Start of DATASET EXTRACT

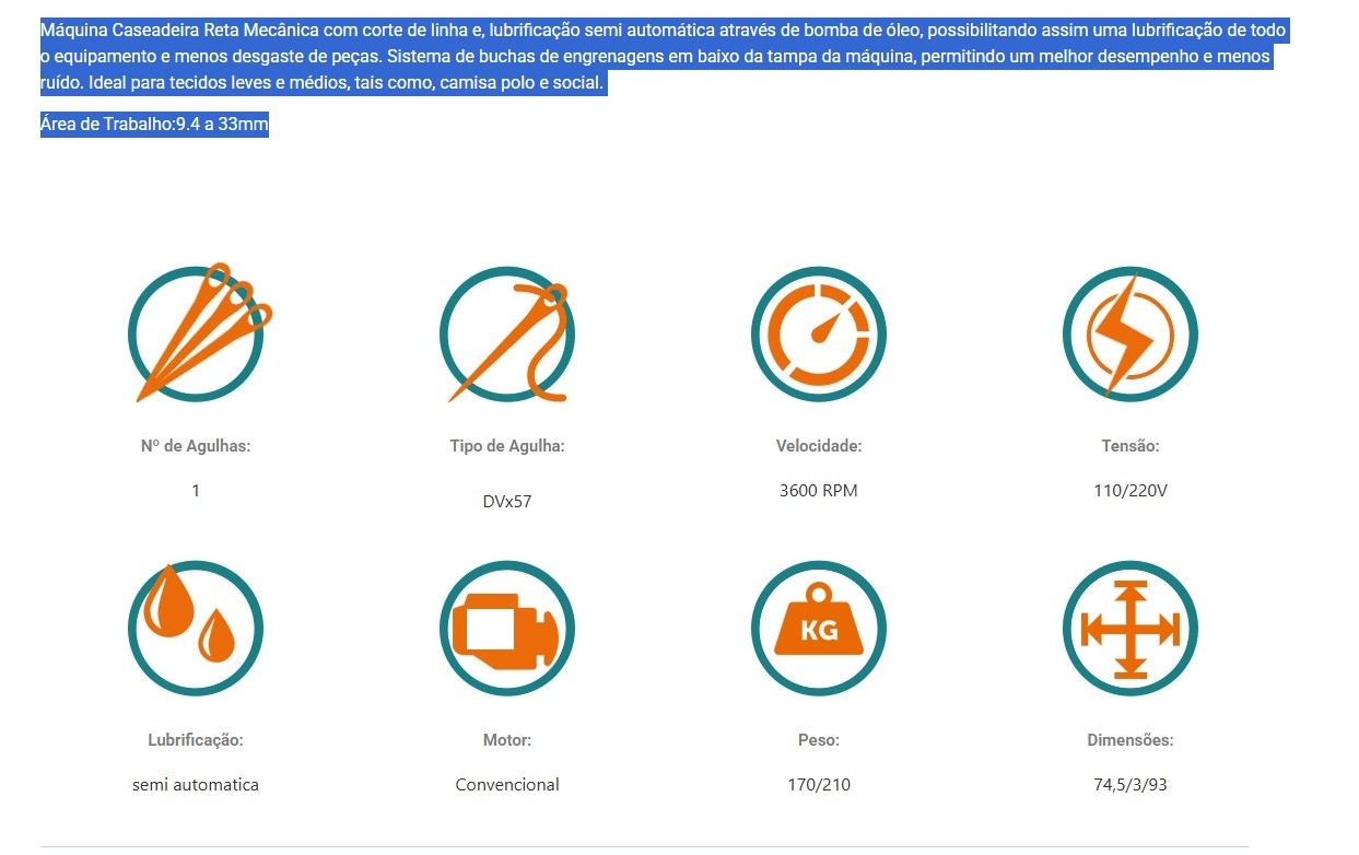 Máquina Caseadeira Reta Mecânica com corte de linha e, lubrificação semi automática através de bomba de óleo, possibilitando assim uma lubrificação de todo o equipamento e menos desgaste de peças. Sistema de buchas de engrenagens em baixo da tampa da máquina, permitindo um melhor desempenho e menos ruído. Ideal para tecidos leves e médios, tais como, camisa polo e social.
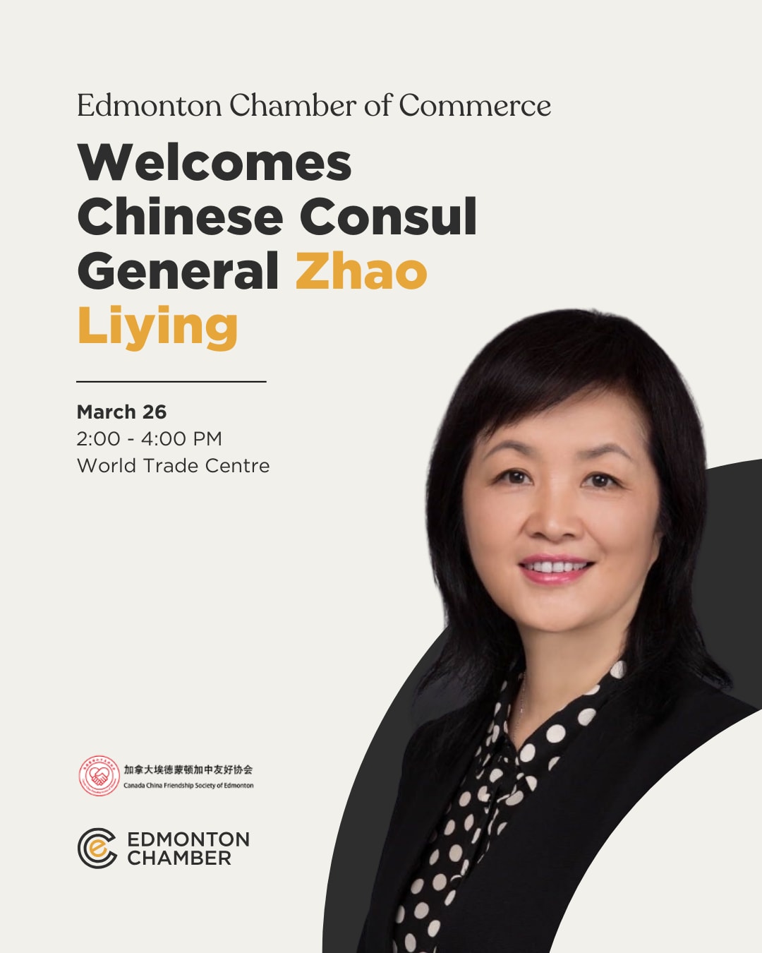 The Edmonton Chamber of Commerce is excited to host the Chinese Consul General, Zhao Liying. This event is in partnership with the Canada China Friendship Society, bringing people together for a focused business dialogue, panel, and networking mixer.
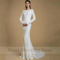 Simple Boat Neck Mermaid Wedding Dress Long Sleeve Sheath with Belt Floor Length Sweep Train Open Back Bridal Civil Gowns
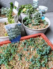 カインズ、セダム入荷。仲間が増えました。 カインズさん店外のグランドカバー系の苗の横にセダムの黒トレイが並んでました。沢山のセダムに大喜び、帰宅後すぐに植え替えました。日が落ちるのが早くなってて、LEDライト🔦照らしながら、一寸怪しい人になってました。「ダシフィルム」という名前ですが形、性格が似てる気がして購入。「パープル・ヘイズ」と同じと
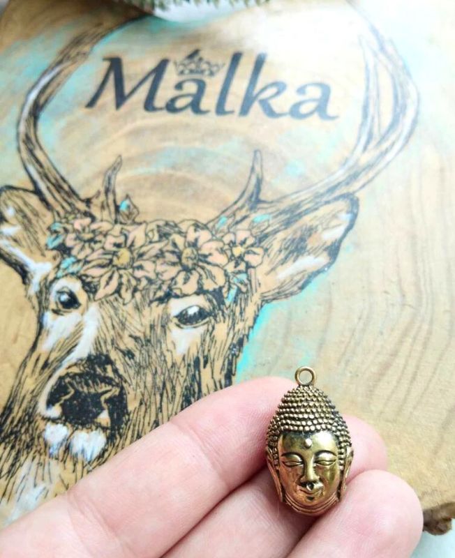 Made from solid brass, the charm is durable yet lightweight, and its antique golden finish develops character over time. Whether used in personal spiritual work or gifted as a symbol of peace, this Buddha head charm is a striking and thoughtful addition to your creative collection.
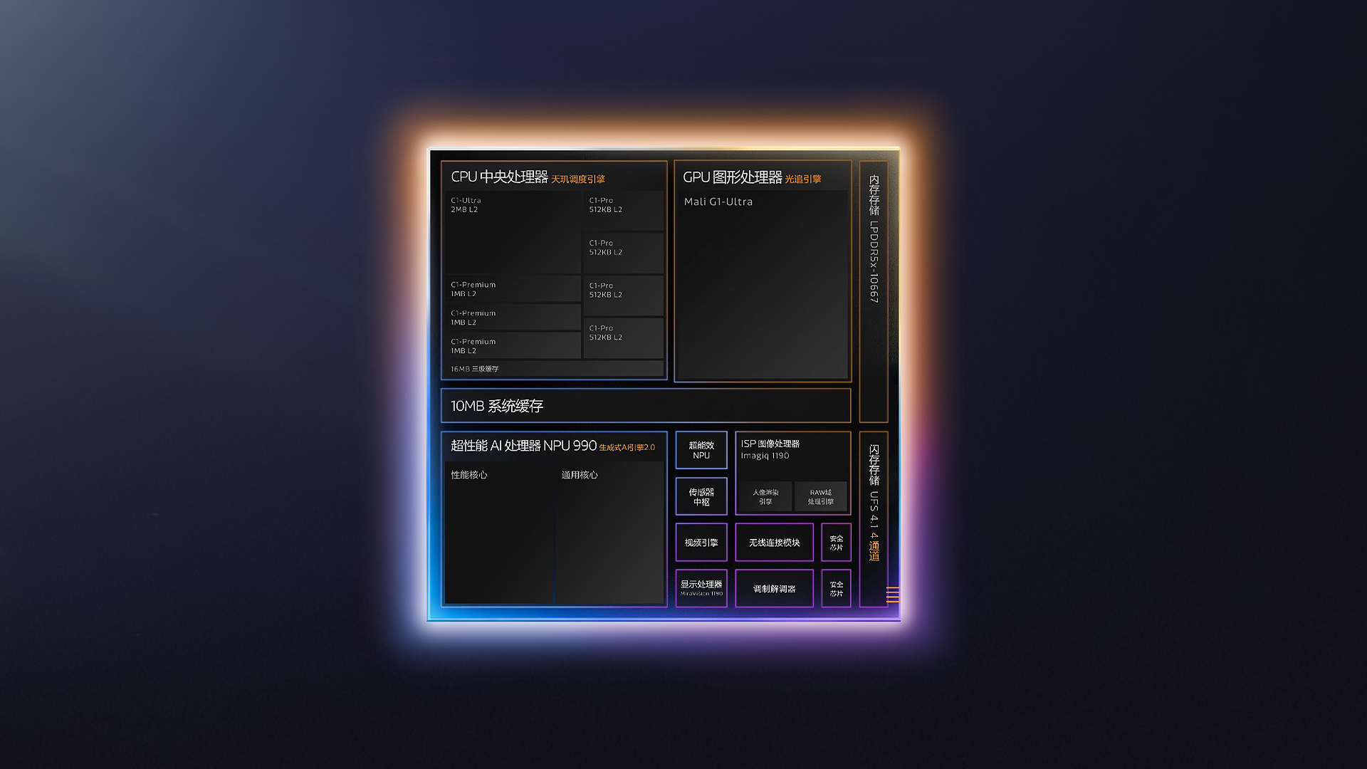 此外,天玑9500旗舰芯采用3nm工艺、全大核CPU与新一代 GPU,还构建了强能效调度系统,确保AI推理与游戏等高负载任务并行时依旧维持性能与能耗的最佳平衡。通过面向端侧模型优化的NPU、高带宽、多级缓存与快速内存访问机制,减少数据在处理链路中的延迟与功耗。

End of DATASET EXTRACT
Start of DATASET EXTRACT

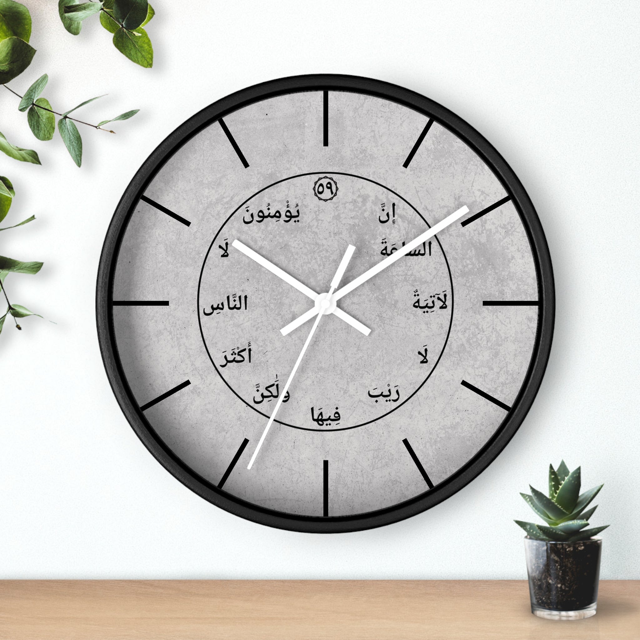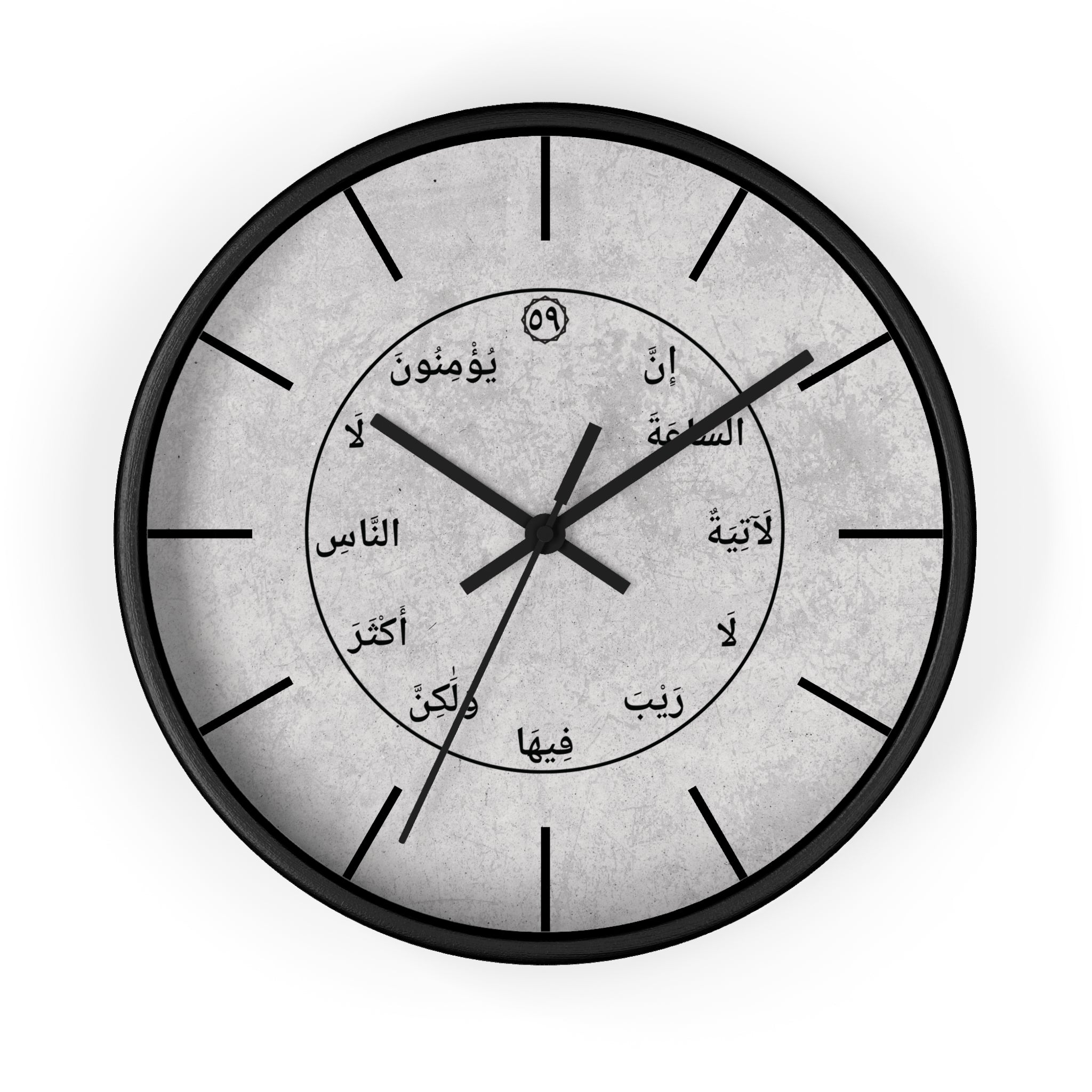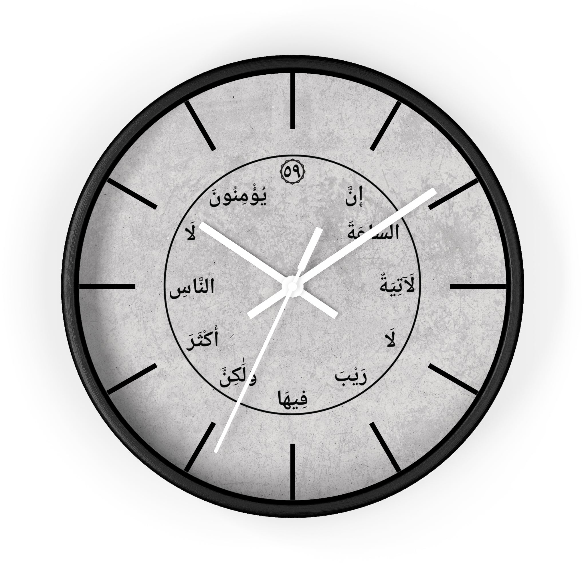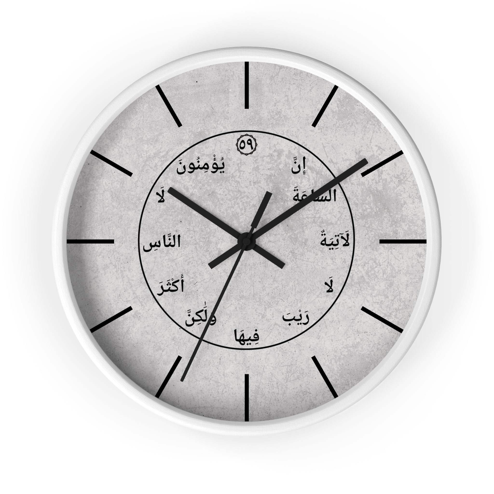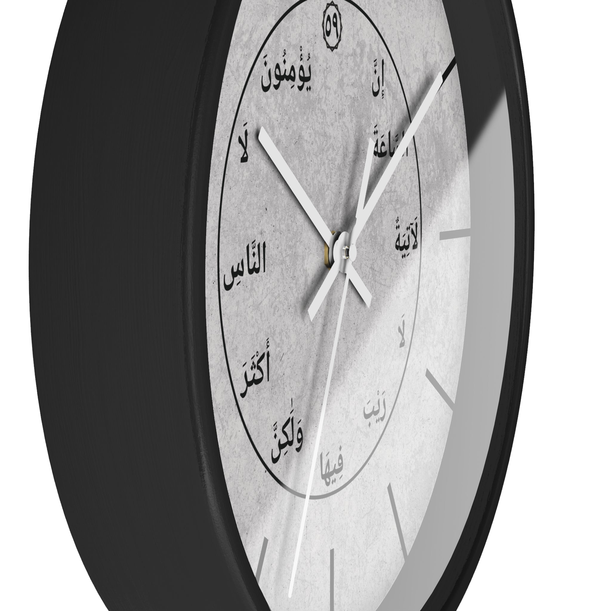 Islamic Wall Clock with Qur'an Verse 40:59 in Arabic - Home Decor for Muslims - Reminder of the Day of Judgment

End of DATASET EXTRACT

### WORK TO BE COMPLETED
Using the data above, return the lines from the one holding "The Edmonton Chamber" through the one holding "此外,天玑9500旗舰芯采用" exactly, but not the pictures.

### ANSWER TO THIS EXERCISE
 The Edmonton Chamber of Commerce is excited to host the Chinese Consul General, Zhao Liying. This event is in partnership with the Canada China Friendship Society, bringing people together for a focused business dialogue, panel, and networking mixer.
 Simple Boat Neck Mermaid Wedding Dress Long Sleeve Sheath with Belt Floor Length Sweep Train Open Back Bridal Civil Gowns
 カインズ、セダム入荷。仲間が増えました。 カインズさん店外のグランドカバー系の苗の横にセダムの黒トレイが並んでました。沢山のセダムに大喜び、帰宅後すぐに植え替えました。日が落ちるのが早くなってて、LEDライト🔦照らしながら、一寸怪しい人になってました。「ダシフィルム」という名前ですが形、性格が似てる気がして購入。「パープル・ヘイズ」と同じと
 Made from solid brass, the charm is durable yet lightweight, and its antique golden finish develops character over time. Whether used in personal spiritual work or gifted as a symbol of peace, this Buddha head charm is a striking and thoughtful addition to your creative collection.
 此外,天玑9500旗舰芯采用3nm工艺、全大核CPU与新一代 GPU,还构建了强能效调度系统,确保AI推理与游戏等高负载任务并行时依旧维持性能与能耗的最佳平衡。通过面向端侧模型优化的NPU、高带宽、多级缓存与快速内存访问机制,减少数据在处理链路中的延迟与功耗。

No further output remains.